De acordo com Zanatta, em parceria com um marceneiro, o fundador desenvolveu o modelo de bancas que é usado até hoje nas lojas. “Foi uma ideia que ele teve na época para expor melhor frutas e verduras, com fundos falsos para dar a impressão de ter bastante mercadoria, mas não colocar muito produto a ponto de estragar”, explica.

Em 2012, já com essa solução e com duas lojas na zona Sul de São Paulo (SP), surgiu a marca Vila das Frutas. Aos poucos, além do hortifrúti, foram sendo acrescentados outros setores nas lojas, como peixaria. Mas até hoje, o FLV é o carro-chefe da empresa, ocupando entre 60% a 65% do espaço dedicado a hortifrúti nas lojas. O crescimento da empresa tem sido bastante sustentável. “Nos últimos dez anos, no período entre 18 e 20 meses, inauguramos uma loja”, diz Zanatta.

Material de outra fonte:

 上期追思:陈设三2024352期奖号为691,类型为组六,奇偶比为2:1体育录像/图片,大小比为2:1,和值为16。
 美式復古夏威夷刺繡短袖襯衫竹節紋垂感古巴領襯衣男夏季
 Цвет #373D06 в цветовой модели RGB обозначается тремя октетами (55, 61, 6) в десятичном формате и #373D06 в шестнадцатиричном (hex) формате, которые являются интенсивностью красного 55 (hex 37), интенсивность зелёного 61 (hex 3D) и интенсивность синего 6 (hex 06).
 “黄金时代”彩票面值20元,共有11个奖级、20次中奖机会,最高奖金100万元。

Segundo o executivo, o principal diferencial do Vila das Frutas é a qualidade. “Você encontra o mesmo produto, independente da época do ano. Por exemplo, a cenoura, o tomate, a cebola, você vai encontrar no mesmo padrão o ano inteiro. A gente sempre tende a oferecer essa qualidade mais prime”, fala.

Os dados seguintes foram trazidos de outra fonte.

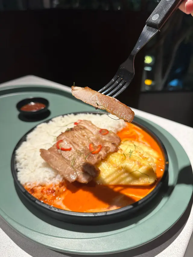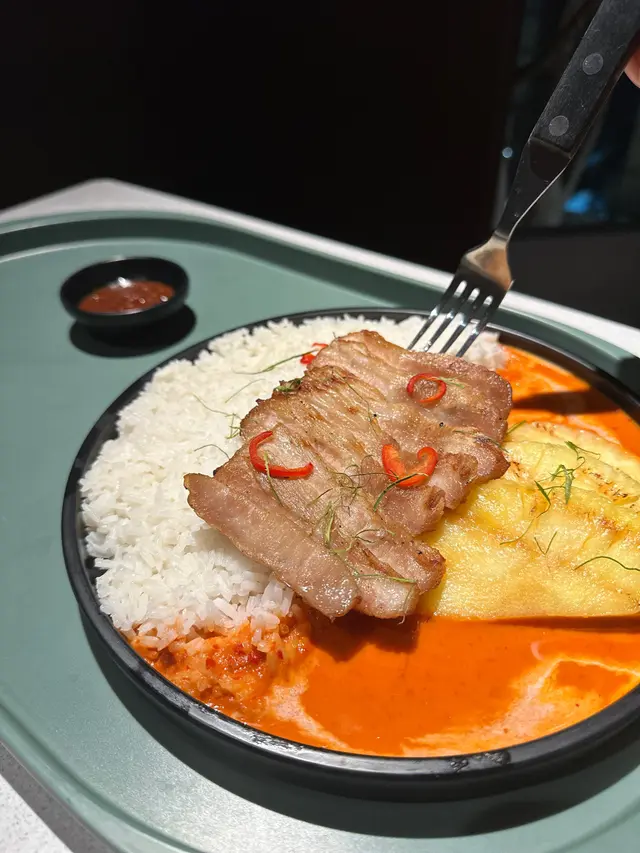 薄切+慢烤無激素同無抗生素豬肩肉好香,口感幾爽,咬落有微微肉汁滲出。裡面以泰國香草、香料、象島蝦醬調味,配搭泰國Sri Trat 直送紅咖喱,非常有泰國風味🇹🇭,整個紅咖喱好辣好開胃

A comodidade também é algo muito importante para a rede. As lojas são ambientes confortáveis para o cliente querer ficar mais tempo, todas têm estacionamento e algumas têm lanchonete. Além disso, há muitos produtos pensados para facilitar a rotina do consumidor. “A gente trabalha com produtos higienizados, pré-prontos, a linha Grab and Go pronta para levar, além de sucos naturais, cortes de verduras e legumes prontos para utilizaçãoe frutas picadas. Na rotisseria, temos pratos prontos, que chamamos de pista quente”, conta.

A execução no ponto de venda também está sempre no radar do Vila das Frutas. Mais do que a gestão do estoque eficiente, a rede prioriza o cuidado com o que está em exposição na loja, para reduzir ao máximo as perdas. “Em hortifrúti, a gente acompanha compra e venda, e não olha muito para o estoque. A gente faz uma avaliação na entrada, com uma perda programada, e há um acompanhamento semanal de compra e venda. Quando identificamos uma discrepância entre ambas, há uma ação logo na próxima semana”, explica Zanatta.

Para ajudar a reduzir o percentual de perda, quando há essa diferença, os produtos são beneficiados e comercializados de outra maneira. Por exemplo, se a comercialização de batatas in natura não atingiu o esperado, ela pode ser vendida descascada e picada, em embalagem a vácuo, ou como parte de pratos prontos, como uma sopa. Além disso, o estoque também pode ser distribuído para as demais lojas da rede, que estejam com mais demanda por determinado produto.

A tecnologia é outro pilar da empresa. O Vila das Frutas fez a integração com aplicativos de delivery, como iFood e Rappi, em 2018, o que colocou a empresa em certa vantagem quando todo mundo precisou se digitalizar na pandemia. A empresa Imperium Software e Tecnologia é o parceiro da Vila das Frutas nessa área há cerca de 10 anos, com eles, foram desenvolvidas soluções que integram grande parte do sistema da empresa, e que resolvem as principais demandas do dia a dia. “O arroz com feijão bem feito é melhor do que você fazer uma lasanha sofisticada. A gente brinca que tem Fusquinha turbinado que dá pau em muita Ferrari”, brinca o executivo.